Thus, you are finding K4,3 or K57,11 to detect “clubs” of size at least 7 or of at least 68, respectively. Of course, your program should not be hardwired for these specific values.

Name your program cbs.py. It should take command-line arguments of

  • level_of_frequent_itemsets: a file containing the frequent itemsets of length k (e.g., three) with respect to some support threshold (e.g., four),
  • labelled_transaction_file: a file containing the labelled transactions, one per line, and
  • a support-count threshold: the size of the support, the left of the complete bipartite clique (e.g, four), which is understood to be equal to, or to exceed, the implicit support count for the level_of_frequent_itemsets.

And it outputs the complete bipartite subgraphs found, one per line.

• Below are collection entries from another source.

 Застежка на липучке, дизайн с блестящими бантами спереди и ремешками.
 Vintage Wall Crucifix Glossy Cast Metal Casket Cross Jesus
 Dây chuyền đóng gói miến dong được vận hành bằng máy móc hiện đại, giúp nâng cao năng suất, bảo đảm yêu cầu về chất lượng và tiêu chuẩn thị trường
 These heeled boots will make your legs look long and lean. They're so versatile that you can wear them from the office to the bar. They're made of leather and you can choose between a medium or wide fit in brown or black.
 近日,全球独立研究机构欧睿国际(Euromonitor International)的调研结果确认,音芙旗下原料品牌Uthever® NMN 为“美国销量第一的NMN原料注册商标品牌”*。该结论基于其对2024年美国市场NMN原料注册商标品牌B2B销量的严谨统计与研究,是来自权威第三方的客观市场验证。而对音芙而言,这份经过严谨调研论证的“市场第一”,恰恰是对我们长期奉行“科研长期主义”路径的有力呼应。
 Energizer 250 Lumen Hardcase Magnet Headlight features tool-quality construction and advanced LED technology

We can borrow an implementation of Apriori from the Data Mining class: levelUp.py. Note that you can generate the frequent itemsets per level using this for any transaction dataset in the right format. It does not produce level 1, though, as it needs the input of the previous level. You would need to make a file of the frequent 1-itemsets by hand or by other means.

You are welcome to adapt existing code as part of the your work, as long as it is clear that the code you use allows for derivative use (e.g., creative commonsand you attribute the source. That includes my levelUp.py.

Data Preparation

The musae files are not in the format that we need. So we have data preparation to do … as always.

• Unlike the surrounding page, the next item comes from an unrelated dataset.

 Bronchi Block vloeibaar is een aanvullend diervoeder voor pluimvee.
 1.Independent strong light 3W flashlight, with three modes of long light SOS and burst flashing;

For the graph data, we have it available as pairs of node-ID’s (comma separated), edges, in musae_facebook_edges.csv.

We want to have a transaction per line; each transaction is the set of nodes (by their integer IDs) that each have an edge to a given node, the transaction’s “label”. So we can transform the edge file to obtain this. Let us put the label as the first integer on the line, then followed by the integer ID’s belonging to that transaction. Let us make this space separated, since that is what levelUp.py wants for input. We did this in class: musae-ltrans.txt.

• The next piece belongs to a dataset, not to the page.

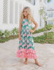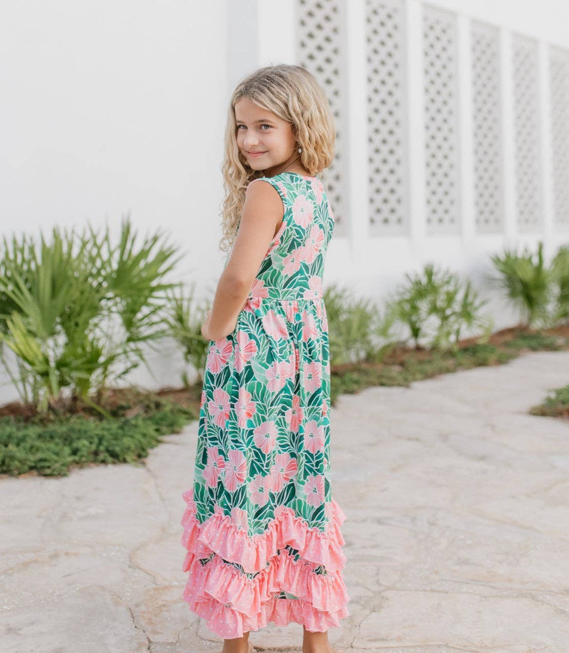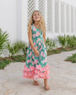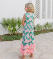3 Tiered Pink Green Tropical Spring Ruffles Dress
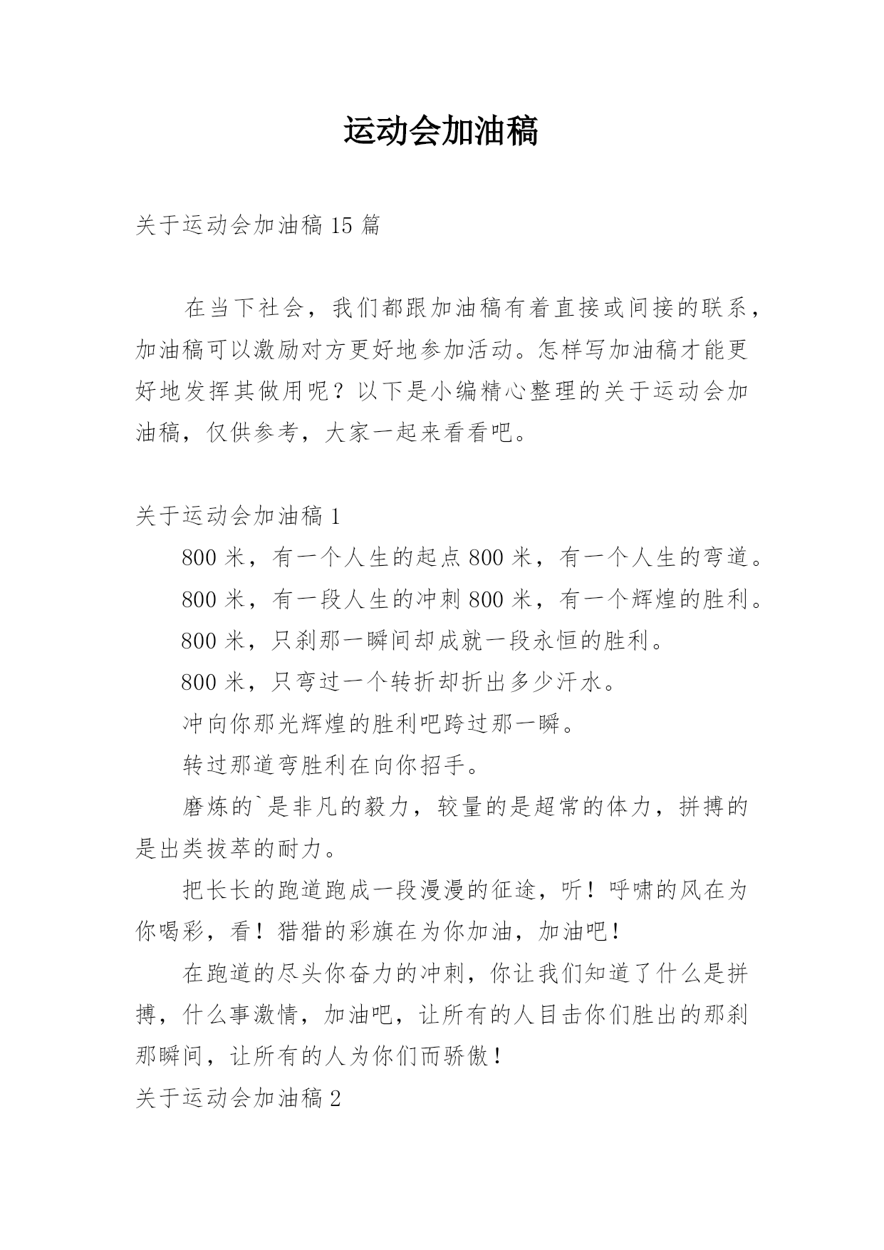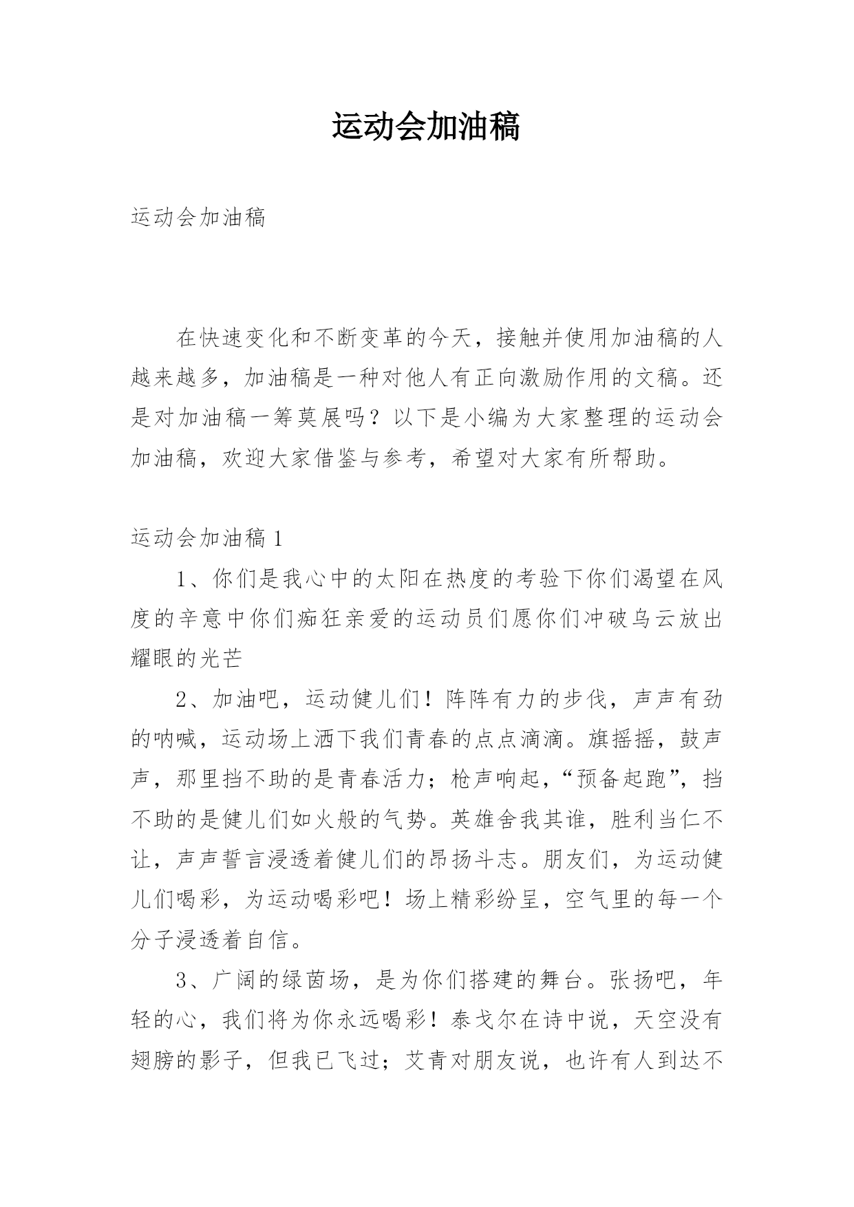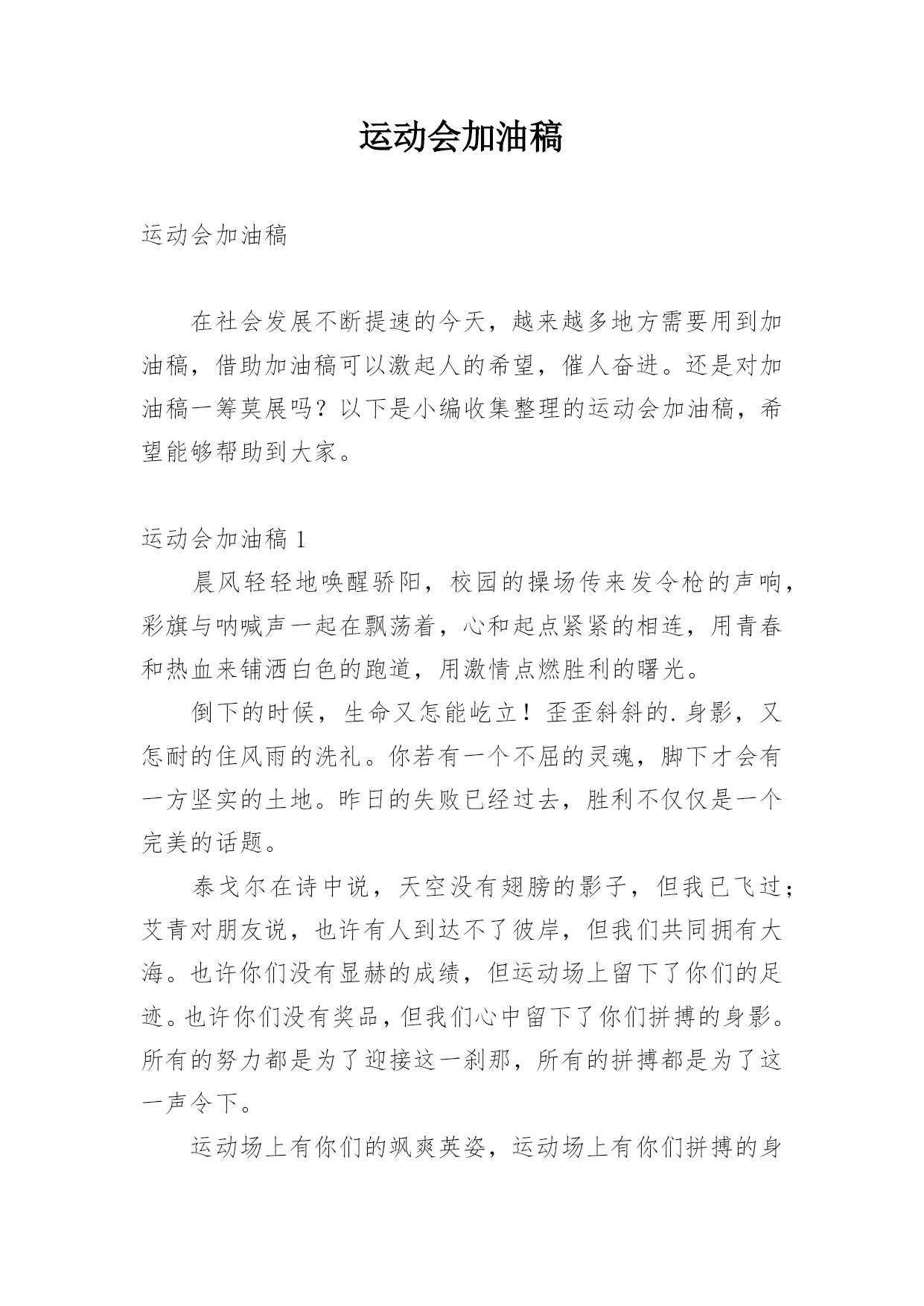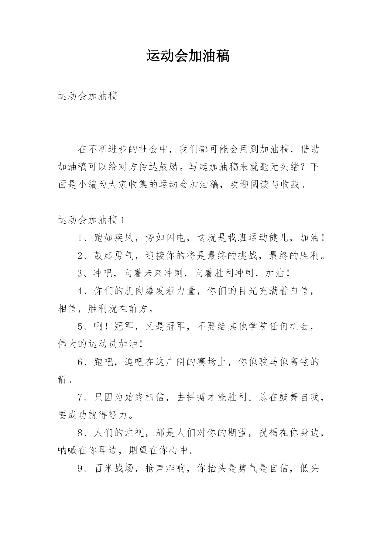 运动会加油稿运动会加油稿在社会发展不断提速的今天,越来越多地方需要用到加油稿,借助加油稿可以激起人的希望,催人奋进。还是对加油稿一筹莫展吗?以下是小编收集整理的运动会加油稿,希望能够帮助到大家。运动会加油稿1晨风轻轻地唤醒骄阳,校园的操场传来发令枪的声响,彩旗与呐喊声一起在飘荡着,心和起点紧紧的相连,用青春和热血来铺洒白色的跑道,用激情点燃胜利的曙光。倒下的时候,生命又怎能屹立!歪歪斜斜的.身影,又怎耐的住风雨的洗礼。你若有一个不屈的灵魂,脚下才会有一方坚实的土地。昨日的失败已经过去,胜利不仅仅是一个完美

To use levelUp.py to generate our frequent itemsets level by level, it needs the transactions but without those transaction labels. Your cbs.py will need it with the labels (i.e., musae-ltrans.txt). Well, that is just the same thing, but stripping off the leading integer per line: musae-trans.txt.

We need a starter file for Apriori that has the frequent 1-itemsets; that is, the frequent itemsets of size one. For format, this will be one node-ID “integer” per line in our file. Since this is a small dataset, we can have it be all the node-ID’s, which is essentially the 1-itemsets with support count of zero or greater. The Apriori algorithm can make frequent k-itemsets with respect to a support-count threshold of n using the frequent (k1)-itemsets with respect to a support-count threshold of m, as long as mn (just maybe not as efficiently). And we should have the lines sorted, for convenience: musae-one-sc0.txt. Not a very interesting file, but there you go.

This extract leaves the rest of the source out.